Here goes a very short article.  I’m speed reading yet another book about renewing the church by a respected author with his heart and pen in the right place.  It’s all good advice, and very well intended.  If pastors and parish administrators paid any attention to it, they would probably reap the benefits, but, of course, they won’t.
I think we ought to dump all of it, and just get on with the business of proclaiming the gospel day by day.  Everyone who enters the church door should be told about God in Christ Jesus as if they had never heard of him before.  Those who are new to their faith should be introduced to it in simple but not unsophisticated terms.  Those who are further along should find their education about Christianity, and their development as disciples, advanced step by step. That’s it.  Amen!
Forget about most everything else.  Focus on that.  There is one caveat.  Be loyal to your tradition.  I am an Episcopalian, a little on the high church side.  It’s important to me that I proclaim, without apology, the gospel within the context of our Anglican tradition.  
That can be a problem if people in the congregation don’t know what the denomination stands for, and what it stands for counts.  It’s important.  Some years ago we had a few active members in a congregation I served who were determined to make it into a conservative evangelical place.  Why?  I never knew, but it was wrong.  It’s not that we have only one way of doing things.  Here and there we Episcopalians tolerate congregations that enjoy living in the make believe world of medieval Salisbury England, and that’s OK as long as they keep it to themselves.  Others are so self righteously open minded that it’s hard to know what their theology is, and that’s OK too in its own place and time.  What keeps it together is the center that wobbles around Virginia Seminary Protestantism and General Seminary Catholicism, both firmly rooted in Anglican tradition.  
Having said that, the Episcopal Church’s triennial convention, charged with maintaining the center while it evolves under the guidance of the Holy Spirit to speak to a changing world, vacuums up enormous amounts of energy and cash.  For the most part it’s an exercise in futility enjoyed to the hilt by select minions who revel in bureaucratic, quasi legislative, minutiae that, in the Bard’s words, amount to sound and fury signifying nothing.  Only infrequently does anything that happens there have an impact on what goes on in the daily life of an average congregation.  It’s not that the institution is unimportant, it is very important.  We need it, and we need it to be as tidy and efficient as possible, doing what it can to provide a forum for theological conversation, and to create helpful resources for local use.  Sometimes it does that, but not often.  Mostly it’s just in the way. 
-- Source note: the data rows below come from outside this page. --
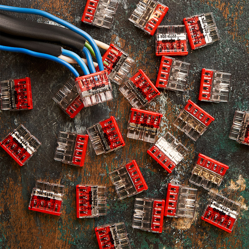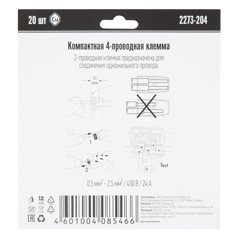 Электромонтажные экспресс-клемы WAGO 2273-204 позволят безопасно и быстро соединить 4 провода между собой (алюминиевые и медные как одножильные, так и многожильные). Достаточно просто вставить жилу кабеля или провода в клемму и самозажимной контакт надежно зафиксирует соединение. Диаметр соединяемых проводов должен составлять в сечении от 0,5 до 2,5 мм2. Номинальный ток 24А; Номинальное напряжение 450В. Удобные тестовые гнезда, прозрачный корпус для визуального контроля и смотровое окно для проверки защиты от касаний делают работу более безопасной.
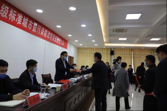 城關(guān)鎮(zhèn)、縣城管局、縣市場監(jiān)管局3家單位主要負責(zé)人和縣1家城市保潔公司,圍繞創(chuàng)建國家空氣質(zhì)量二級標(biāo)準(zhǔn)城市工作相繼作表態(tài)發(fā)言。各鄉(xiāng)鎮(zhèn)黨委書記分別向縣委書記王國璽遞交創(chuàng)建保證書。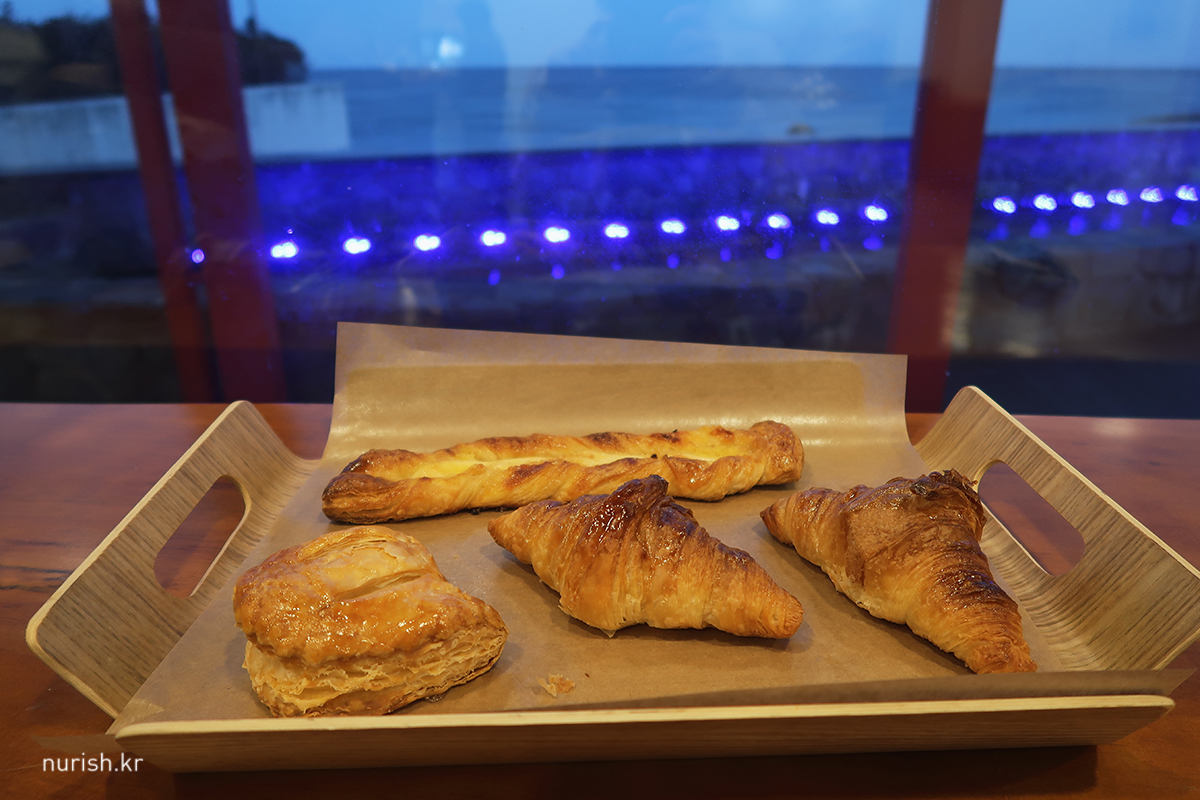 몸을 녹이러 카페에 들어갔는데 마침 빵이 50% 할인 중(17:30-)이라 몇 개 골랐다.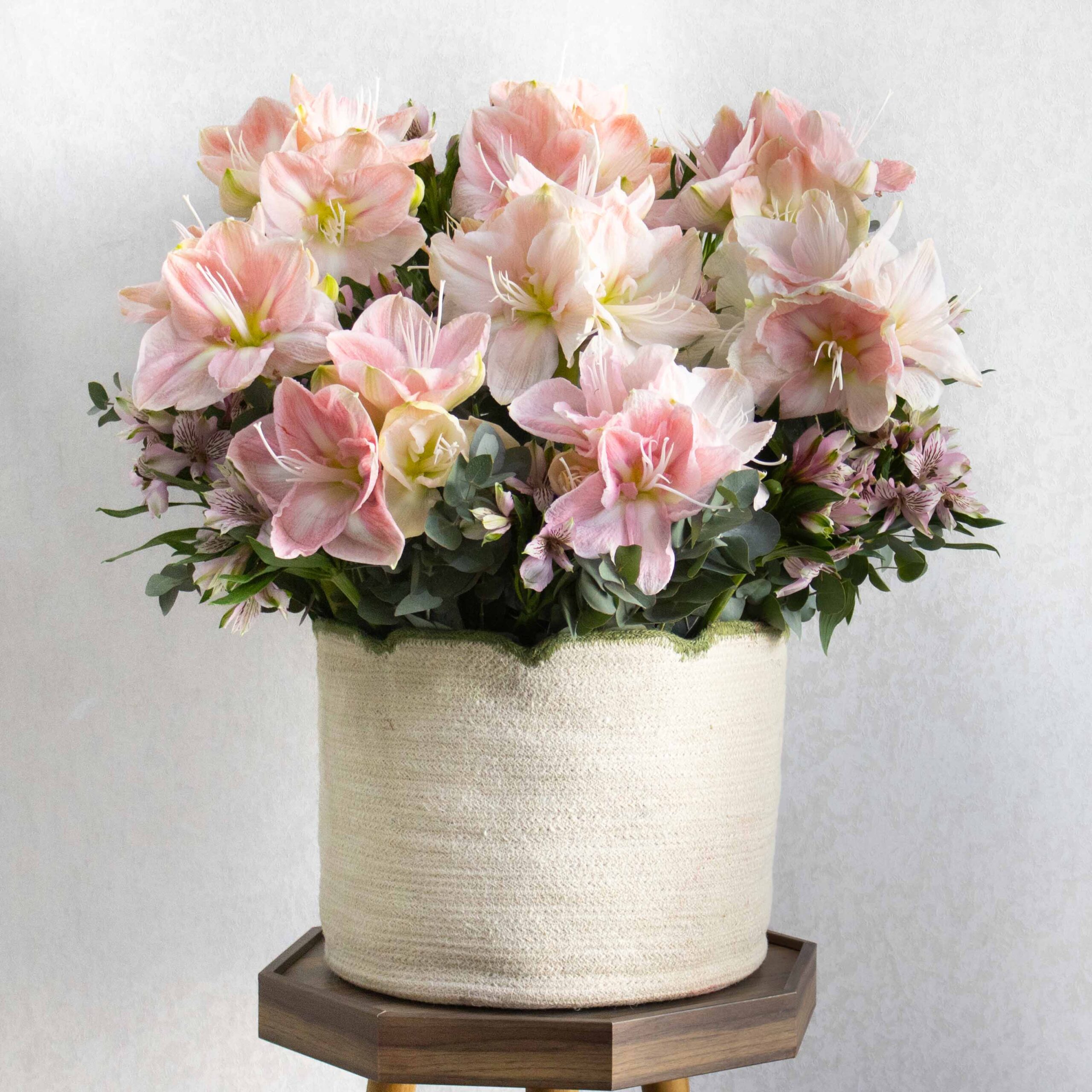 This bouquet contains amaryllis and alstroemeria beautifully arranged in a handmade vase.
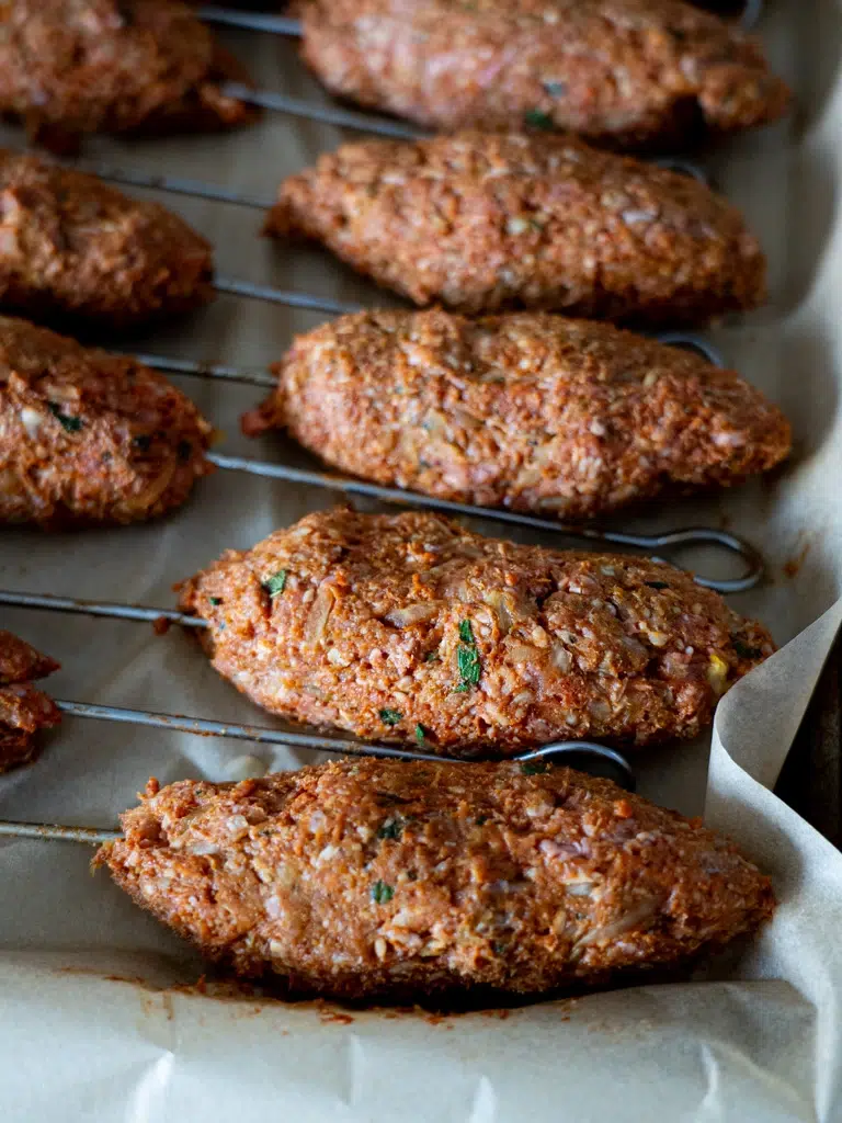 - Soak the skewers – For the kofta, soak the skewers in water for a minimum of 5 minutes.

So back to the book, and almost all other books like it.  It wants to speak to the whole church, but it speaks mostly to urban – suburban congregations, many with multiple staff.  That’s nice, but most of our congregations have ASA of under fifty served by one clergy who may not be full time.  What help they need with institutional renewal can be provided best informally by qualified persons giving on site counsel.  Even more than that, they need a little guidance on ways to better proclaim the gospel, educate new and veteran believers, and stay out of trouble over the basics of church administration.  

Proclaim the gospel from within your tradition and don’t worry so much about the rest of it.